The central character has to want something, to long for something, and, we writers must always put something in the way of the main character’s desire. Oh, the power!
How do we depict fully fleshed-out characters? The same way we do in real life. We might describe the new mail carrier to our neighbor. What color is his hair? How does he walk with his mailbag? How does he talk? What is Sheila down the block saying about him?
Unlike in real life, in fiction, we can know what the character is thinking. Usually, by the end of the story the character is changed in some way, he or she has learned something, grown in some way. Usually, but not always. If the character has not changed what the reader comes away with is illumination. The reader can see what the character cannot.
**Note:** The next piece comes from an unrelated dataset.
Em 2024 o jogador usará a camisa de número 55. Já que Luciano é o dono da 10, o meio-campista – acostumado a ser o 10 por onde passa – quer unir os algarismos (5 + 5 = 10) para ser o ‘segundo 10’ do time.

The reader understands the character better than the character understands him or herself.
Marlin discussed setting, point of view and theme, as well.
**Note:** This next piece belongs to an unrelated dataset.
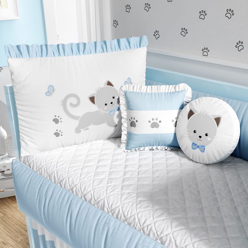 Leve a fofura do Kit Berço Menino Gatinho Azul para o quarto de bebê do seu menino. Esse enxoval exclusivo da Grão de Gente tem tudo o que você precisa para aconchegar e proteger seu príncipe com materiais de qualidade e enchimento fofinho. Os protetores laterais e a cabeceira vêm com zíper, para facilitar a lavagem, e amarril, para fixação no berço.

As we approached lunch hour, we got our afternoon assignment:
Write two scenes, putting two characters in a situation, keeping in mind the elements of fiction and the story arc. What is their relationship? What do they want? One must want something from the other, who will not give in. The want can be anything: love, money, respect, jewelry, trust, a gun. It can be abstract or concrete. Even if the object is concrete, you can still explore the internal, deeper level of the character’s desire. She may want mama’s pearl necklace, but deep down, she may really desire love or respect.
Tip: The story has to get up and running before you start revealing the past.
On Saturday night, after a near disaster involving a water bottle and my laptop, we headed to the Hub City Bookstore for social hour, followed by dinner, and then to Hub-Bub, a terrific performance space, where Lydia Netzer, the other fiction instructor, gave a passionate and hilarious keynote speech. I couldn’t possibly re-create her talk here, as it was as much performance as it was information. What it boiled down to is truth, putting everything you’ve got into your writing, your deepest, darkest secrets. It’s your responsibility, she said, to make your writing personal, that if you expect people to read your book, you must reach into the darkest part of yourself and “bleed” into your characters. She recommended writing down everything that occurs to you, even if your musings never make it into your story or book, and as you’re writing live in a place of uncertainty. You don’t have to know where the story is going.
After the hyperactivity of the previous day, Sunday morning is always crash time for me. I want to stay and write more, and at the same time, I want to get home and process all I learned. “Write more” won out. I attended one of the short Sunday seminars in playwriting given by former Hub City Artist-in-Residence, Anna Abhau Elliot. Anna, a fellow improviser, handed out copies of historical postcards complete with notes from the senders. From these prompts we wrote scenes in dialogue only, with no stage direction at all. The assignment: Put two characters in a well-grounded location. They must have an established relationship, and the scene must have a beginning, middle and end. Convey the location, action and emotion through dialogue only. There were only five of us in the class and, after writing, some of us played parts in each other’s scenes, proving, once again that I’m a total ham.
So challenge yourself! Try some of these exercises, and maybe make the trip to Spartanburg for next summer’s Hub City Writing in Place Conference.
#1 by thehistorydoctor on July 20, 2015 - 3:38 pm
Great blog post! Sorry I missed the conference.
#2 by Melissa Walker on July 20, 2015 - 3:40 pm
Great post! Sorry to have missed the conference.